### [Record set]
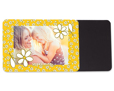 La tua magnifica calamita dalla forma rettangolare, sarà subito pronta per accogliere la stampa della tua foto, immagine o sfondo, da abbinare al motivo grafico con piccolo margherite, disegnate su sfondo giallo.
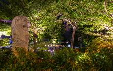 Wallpaper Large fountain in the shape of a lion in a scenic park, Singapore Asia
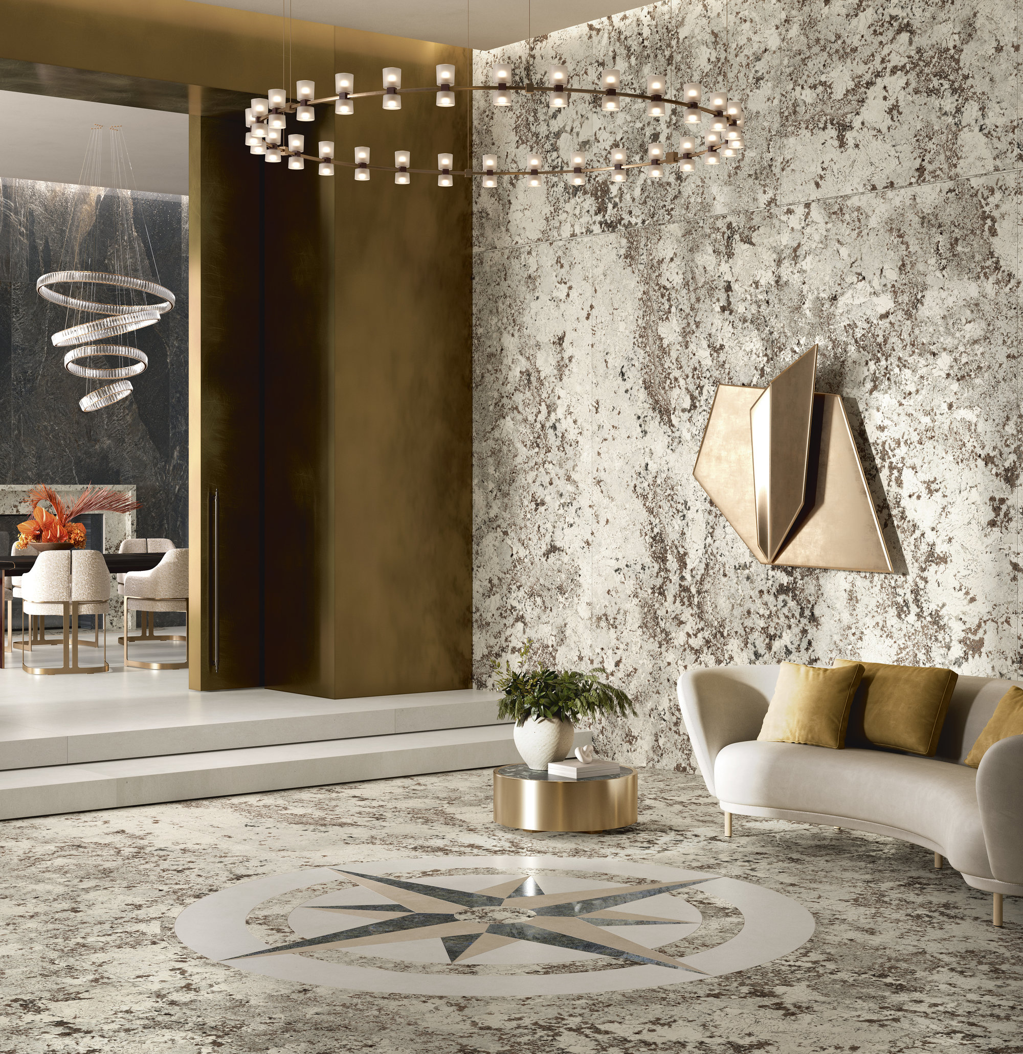 Wie ein Werk von Jackson Pollock besteht es aus reinstem Dripping weißer, brauner, roter und grauer Farbe auf einer makellosen „keramischen Leinwand“. Seine Einzigartigkeit liegt in der Farbexplosion, die durch zwei noch nie dagewesene Oberflächenbehandlungen – teilpoliert und semi-matt – noch belebt wird.
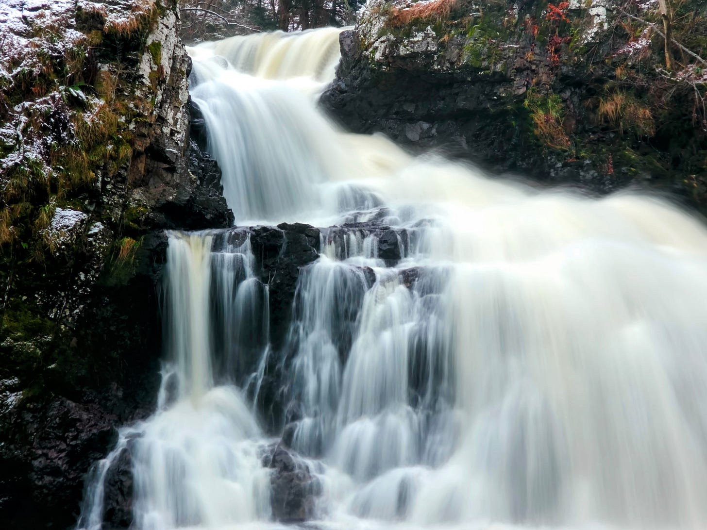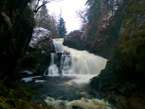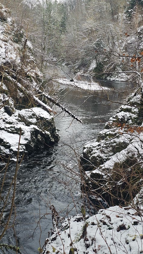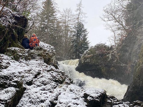 Yesterday, the hardcore crew braved the snowy roads to visit Reekie Linn, one of the most impressive waterfalls in our area and a favourite of ours. The excitement of snow-covered scenery was tempered by the not-so-thrilling drive, my hands gripping the steering wheel on skitery roads but what better way to spend a snowy January day in Scotland than nipping up the glen for a douk in a waterfall pool?
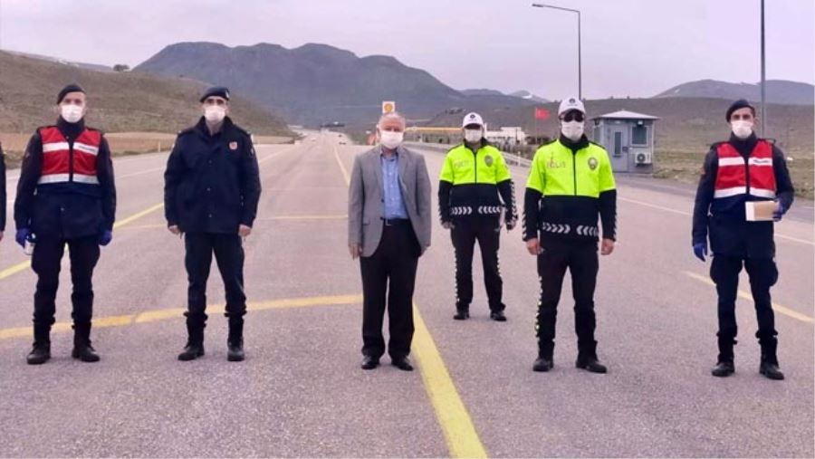 Develi Kaymakamı Murat Duru, ilçe girişindeki jandarma ve polis uygulama noktasında görev yapan güvenlik güçlerini ziyaret etti. Kaymakam Duru, uygulamada sürücülere de uyarılarda bulunarak, "Trafik kuralları aklımızda olmakla birlikte gelecek güzel günler için evde kalmaya devam edelim" dedi.
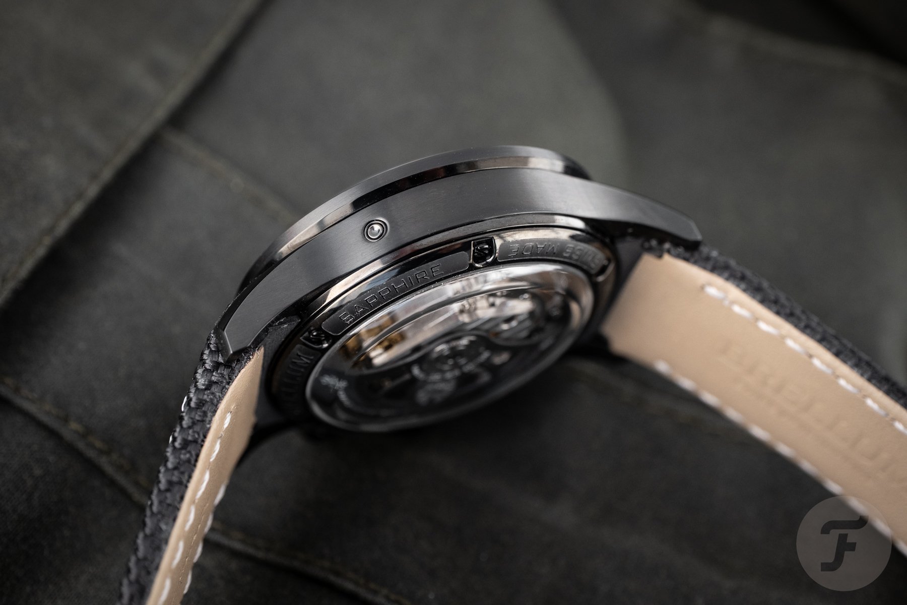 Let’s begin with a rundown of the particulars. The latest Brellum model arrives with a black DLC-coated Grade 5 titanium case. It’s a stout piece weighing in at just 72 grams (head only) with a 43mm diameter and a 51.5mm lug-to-lug. Its 15.9mm thickness includes a box-type sapphire crystal with an antireflective coating. Like its steel counterpart, the watch features a 100m water resistance rating. From an accessory perspective, the watch comes with a case-hugging black Nebur Tec strap. A matching black DLC-coated titanium folding buckle completes the package.
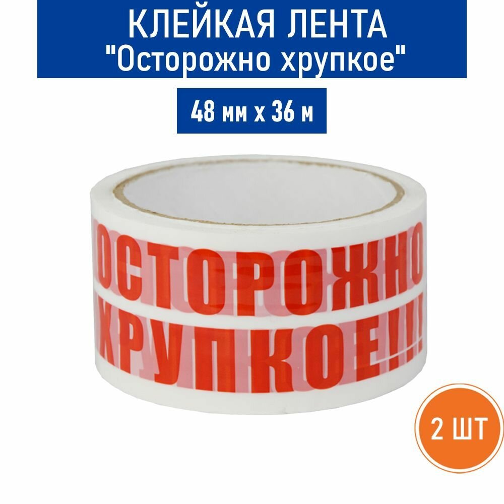 Клейкая лента Unibob "Осторожно хрупкое" , RussCarton 48 мм х 36 м, 2 штуки в упаковке. информация:

### [What the exercise asks]
With the images removed, reproduce all the material above word for word.

### [Result below]
 La tua magnifica calamita dalla forma rettangolare, sarà subito pronta per accogliere la stampa della tua foto, immagine o sfondo, da abbinare al motivo grafico con piccolo margherite, disegnate su sfondo giallo.
 Wallpaper Large fountain in the shape of a lion in a scenic park, Singapore Asia
 Wie ein Werk von Jackson Pollock besteht es aus reinstem Dripping weißer, brauner, roter und grauer Farbe auf einer makellosen „keramischen Leinwand“. Seine Einzigartigkeit liegt in der Farbexplosion, die durch zwei noch nie dagewesene Oberflächenbehandlungen – teilpoliert und semi-matt – noch belebt wird.
 Yesterday, the hardcore crew braved the snowy roads to visit Reekie Linn, one of the most impressive waterfalls in our area and a favourite of ours. The excitement of snow-covered scenery was tempered by the not-so-thrilling drive, my hands gripping the steering wheel on skitery roads but what better way to spend a snowy January day in Scotland than nipping up the glen for a douk in a waterfall pool?
 Develi Kaymakamı Murat Duru, ilçe girişindeki jandarma ve polis uygulama noktasında görev yapan güvenlik güçlerini ziyaret etti. Kaymakam Duru, uygulamada sürücülere de uyarılarda bulunarak, "Trafik kuralları aklımızda olmakla birlikte gelecek güzel günler için evde kalmaya devam edelim" dedi.
 Let’s begin with a rundown of the particulars. The latest Brellum model arrives with a black DLC-coated Grade 5 titanium case. It’s a stout piece weighing in at just 72 grams (head only) with a 43mm diameter and a 51.5mm lug-to-lug. Its 15.9mm thickness includes a box-type sapphire crystal with an antireflective coating. Like its steel counterpart, the watch features a 100m water resistance rating. From an accessory perspective, the watch comes with a case-hugging black Nebur Tec strap. A matching black DLC-coated titanium folding buckle completes the package.
 Клейкая лента Unibob "Осторожно хрупкое" , RussCarton 48 мм х 36 м, 2 штуки в упаковке. информация:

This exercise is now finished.